- _YOUR GOAL_: All lines from the one containing "28일 오전 서울 동대문" through the end of the material are to be given back exactly, without pictures.

- _COLLECTED DATA_:
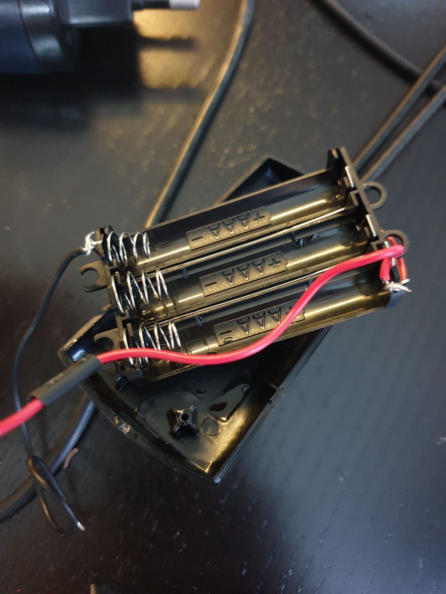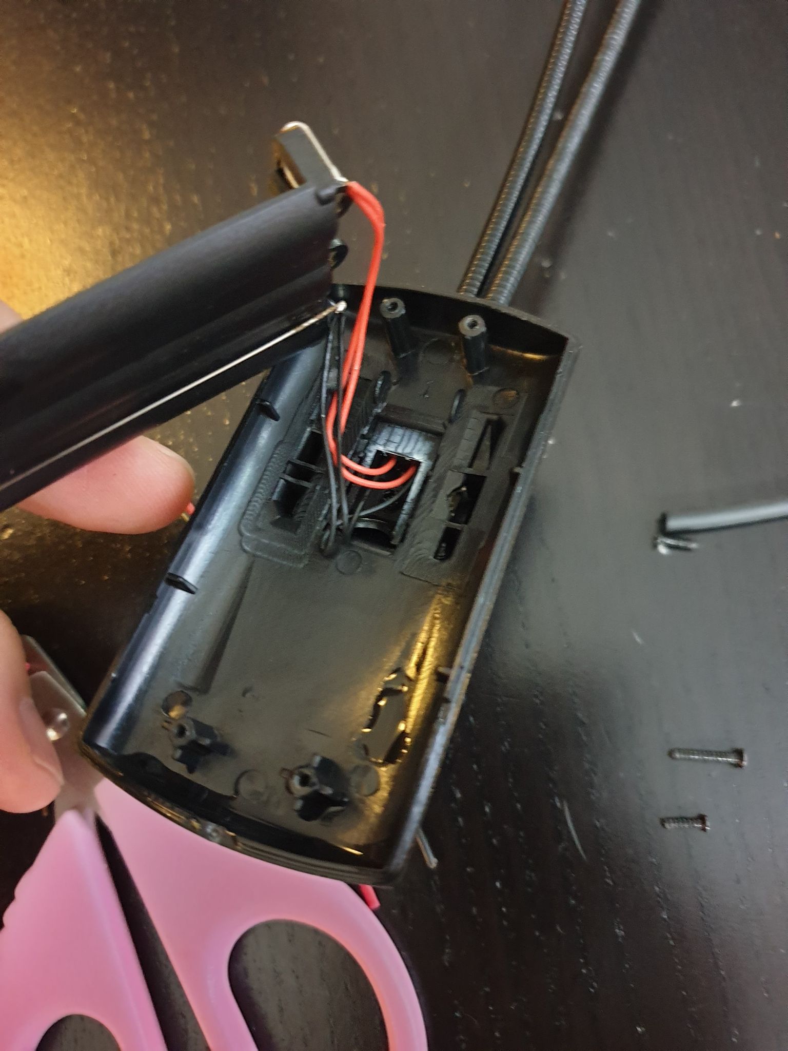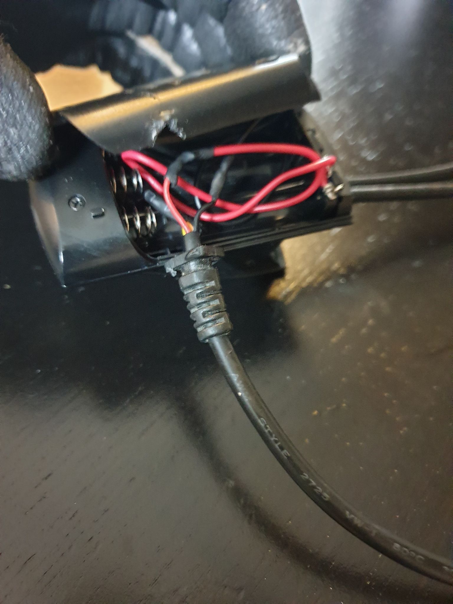 5. 조립, 배터리 뚜껑에 구멍을 하나 내고 전원선을 빼주었습니다.
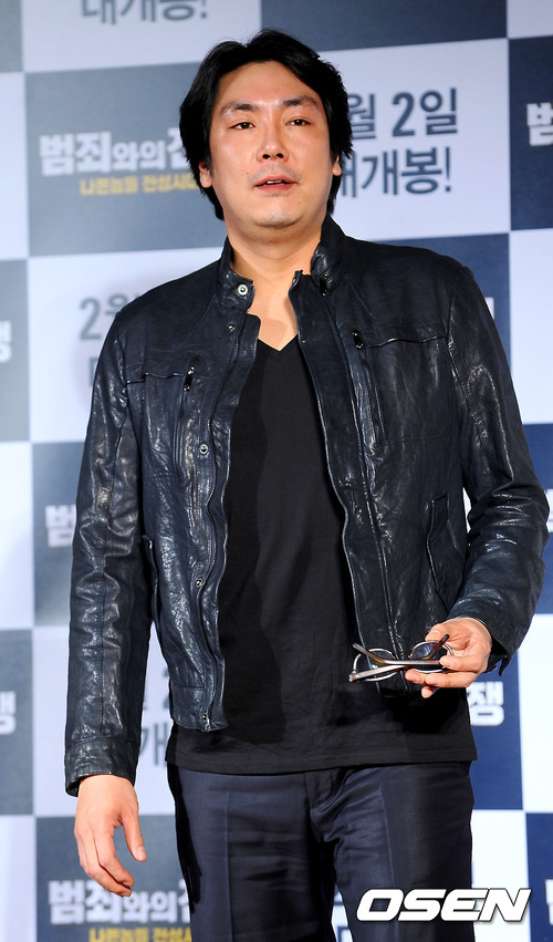 28일 오전 서울 동대문 메가박스에서 진행된 영화 '범죄와의 전쟁' 제작보고회에서 배우 조진웅이 포즈를 취하고 있다.
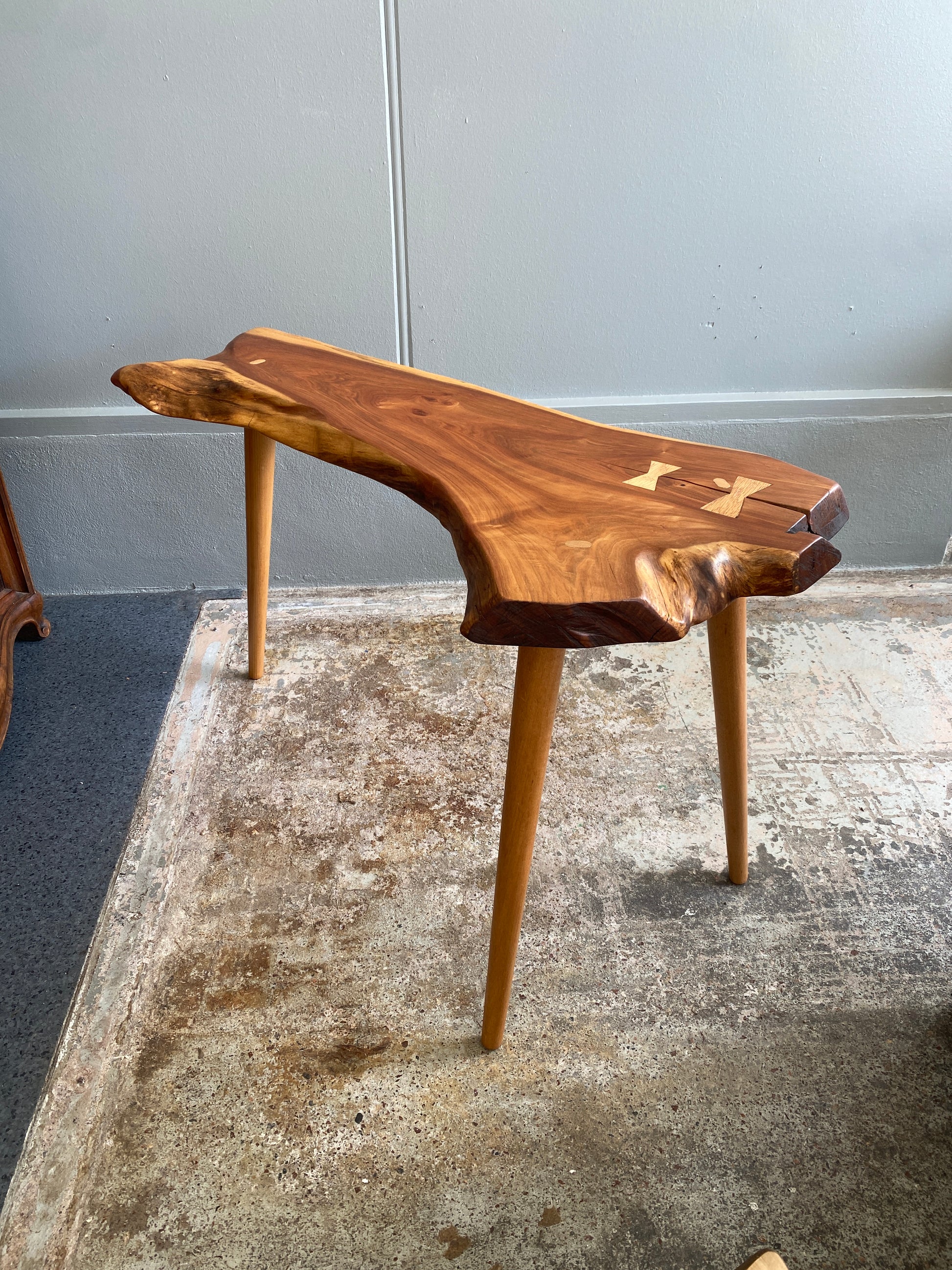 An incredible Reclaimed Black Walnut Custom Hall Table made my Industrial Design NZ. This hard to find timber is a live edge piece that has been hand finished with a retro twist in the legs. It's a show piece for any home.

- _ANSWER TO THIS EXERCISE_:
 28일 오전 서울 동대문 메가박스에서 진행된 영화 '범죄와의 전쟁' 제작보고회에서 배우 조진웅이 포즈를 취하고 있다.
 An incredible Reclaimed Black Walnut Custom Hall Table made my Industrial Design NZ. This hard to find timber is a live edge piece that has been hand finished with a retro twist in the legs. It's a show piece for any home.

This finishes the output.